At the line containing "清明節買冥幣燒給先人是民間傳統的祭祀方式。", begin an exact copy, and continue through the last line of the entries below. Leave out any pictures.

---+---

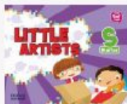
TDL Little Artists Starter
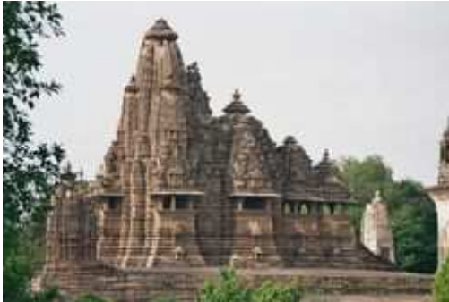
Uno de los templos de Khajuraho.

Khajuraho es una pequeña localidad situada en el estado de Madhya Pradesh en la India. Su población según datos del censo del 2001 era de 7.665 habitantes.
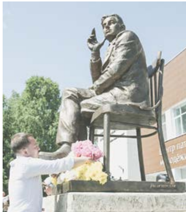
У Мемориального музея Роберта Рождественского.

В 2020 году были реализованы мероприятия национального проекта «Культура», отремонтированы десятки объектов культуры и построены новые.
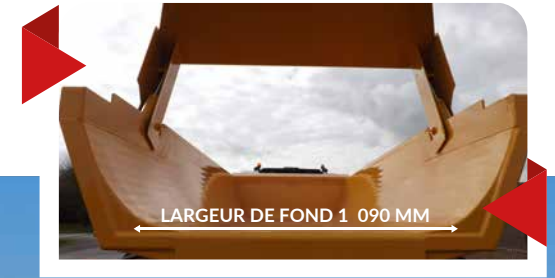
LARGEUR DE FOND 1 090 MM
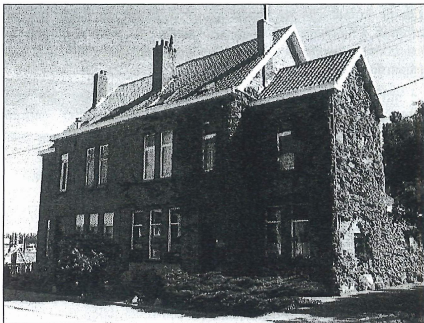
De officierswoningen in de Kronestraat.

is te merken aan het gebruik van een andere gevelsteen die veel gelijkenis vertoont met die van het blok M.
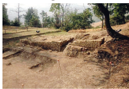
Da domenica visite guidate alla Piana di San Martino, nel comune di Pianello
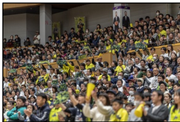
日本一の信州ブスター (ファン)
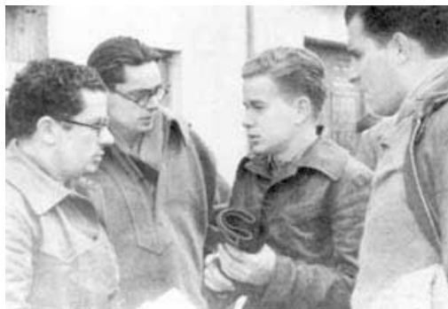
Imagen 1. Foto de la guerra civil española, en el frente, con Fernando Claudín, dirigente del PCE (1936).
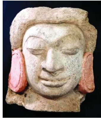
ภาพที่ 10 ประติมากรรมรูปบุคคลชายสวมตุ้มหู แบบก้อนกลมแบน
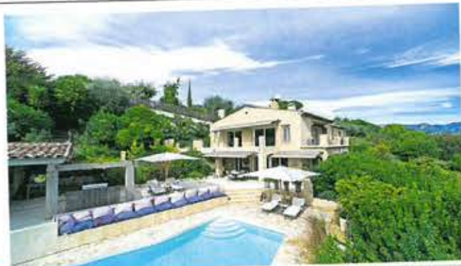
VILLA ST. PAUL DE VENCE 2 300 000 €

En position dominante et au calme, villa entièrement rénovée avec des prestations haut de gamme. 6 chambres, 2 salons, Spa, piscine chauffée, très beaux volumes, le tout sur un joli terrain d'environ 3.400 m 2 agrémenté d'oliviers et de palmiers. • On a dominant position and in a quiet area this completely renovated villa offers high quality fittings. 6 bedrooms, 2 lounges, spa, heated pool, large volumes. Beautiful grounds of approx. 3.400 sqm with olive and palm trees. • Ref. MZISP1019
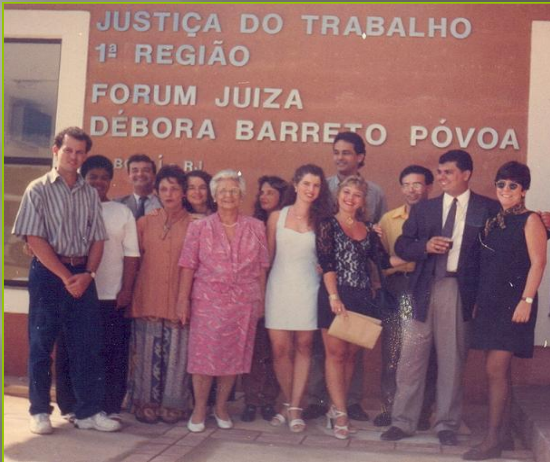
A juíza foi homenageada pelo TRT/RJ em 1989. O Fórum da JCJ de Itaboraí foi batizado com o nome da magistrada, que exerceu a titularidade da Junta por cinco anos
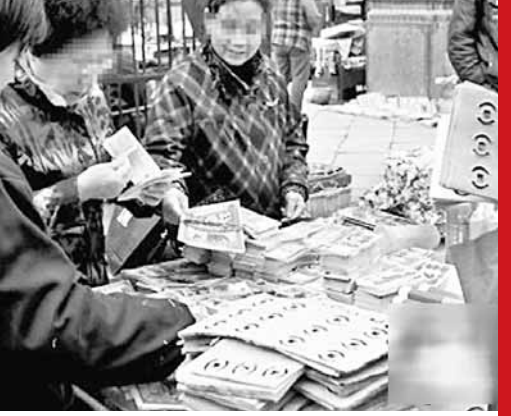
清明節買冥幣燒給先人是民間傳統的祭祀方式。

每逢清明節，焚燒冥幣是民間祭奠親人的方式之一。近日，位於西安市城東八仙庵附近的王姓冥幣批發商透露，自己每年大約能賣出60萬公斤（600噸）冥幣，淨利潤40餘萬元。據了解，在西安，這樣的批發商有十來個人。以此計算，西安地區每年用作冥幣而燒掉的紙張就超過6千噸。
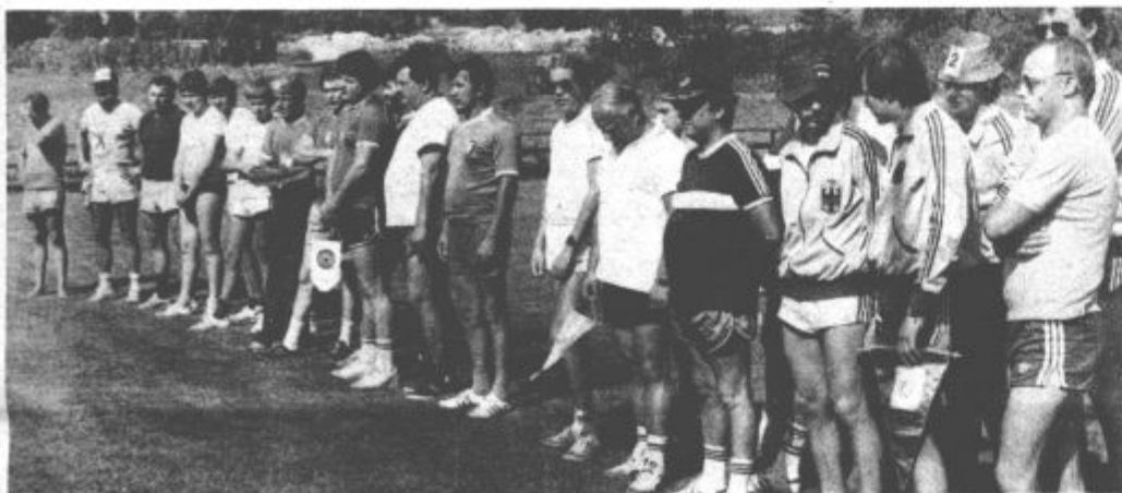
Slovesna otvoritev tekmovalja

---+---

Answer area =
清明節買冥幣燒給先人是民間傳統的祭祀方式。

每逢清明節，焚燒冥幣是民間祭奠親人的方式之一。近日，位於西安市城東八仙庵附近的王姓冥幣批發商透露，自己每年大約能賣出60萬公斤（600噸）冥幣，淨利潤40餘萬元。據了解，在西安，這樣的批發商有十來個人。以此計算，西安地區每年用作冥幣而燒掉的紙張就超過6千噸。
Slovesna otvoritev tekmovalja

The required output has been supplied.